Authored by sgraenitz on May 6 2019, 2:05 PM.

Details

Summary

First part of a fix for JITed code debugging. This has been a regression from 5.0 to 6.0 and it's is still reproducible on current master: https://bugs.llvm.org/show_bug.cgi?id=36209

The address of the breakpoint site is corrupt: the 0x4 value we end up with, looks like an offset on a zero base address. When we parse the ELF section headers from the JIT descriptor, the load address for the text section we find in header.sh_addr is correct.

The bug manifests in VMAddressProvider::GetVMRange(const ELFSectionHeader &) (follow it from ObjectFileELF::CreateSections()). Here we think the object type was eTypeObjectFile and unleash some extra logic [1] which essentially overwrites the address with a zero value.

The object type is deduced from the ELF header's e_type in ObjectFileELF::CalculateType(). It never returns eTypeJIT, because the ELF header has no representation for it [2]. Instead the in-memory ELF object states ET_REL, which leads to eTypeObjectFile. This is what we get from lli at least since 3.x. (Might it be better to write ET_EXEC on the JIT side instead? In fact, relocations were already applied at this point, so "Relocatable" is not quite exact.)

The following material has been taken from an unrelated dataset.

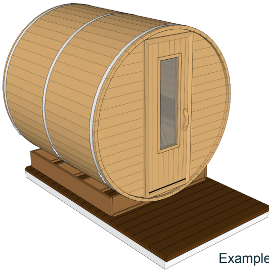
Example : wooden decking on a concrete foundation

Preparing a suitable foundation for your barrel sauna.
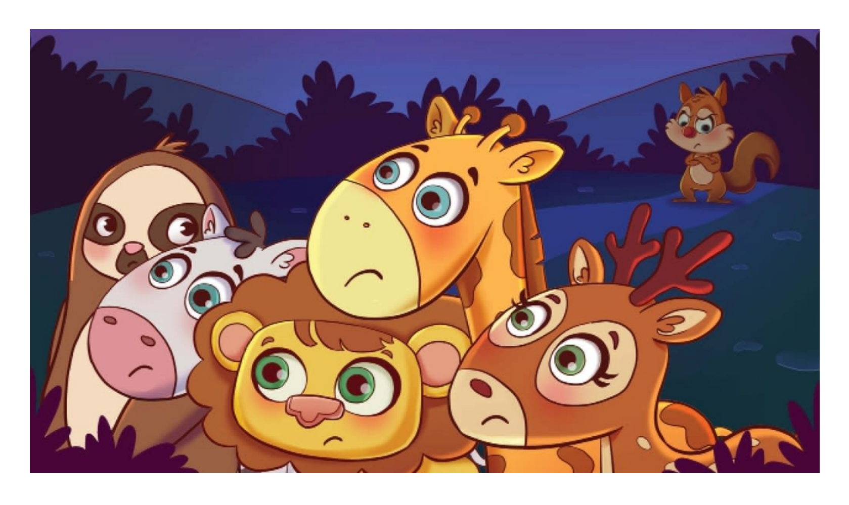
The animals were surprised. They didn 't say a word. Then they left.

So, this patch proposes to set eTypeJIT explicitly whenever we read from a JIT descriptor. In ObjectFileELF::CreateSections() we can then call GetType(), which returns the explicit value or otherwise falls back to CalculateType().

LLDB then sets the breakpoint successfully. Next step: debug info.

Process 1056 stopped
* thread #1, name = 'lli', stop reason = breakpoint 1.2
    frame #0: 0x00007ffff7ff7000 JIT(0x3ba2030)`jitbp()
JIT(0x3ba2030)`jitbp:
->  0x7ffff7ff7000 <+0>:  pushq  %rbp
    0x7ffff7ff7001 <+1>:  movq   %rsp, %rbp
    0x7ffff7ff7004 <+4>:  movabsq $0x7ffff7ff6000, %rdi     ; imm = 0x7FFFF7FF6000 
    0x7ffff7ff700e <+14>: movabsq $0x7ffff6697e80, %rcx     ; imm = 0x7FFFF6697E80

[1] It was first introduced with https://reviews.llvm.org/D38142#change-lF6csxV8HdlL, which has also been the original breaking change. The code has changed a lot since then.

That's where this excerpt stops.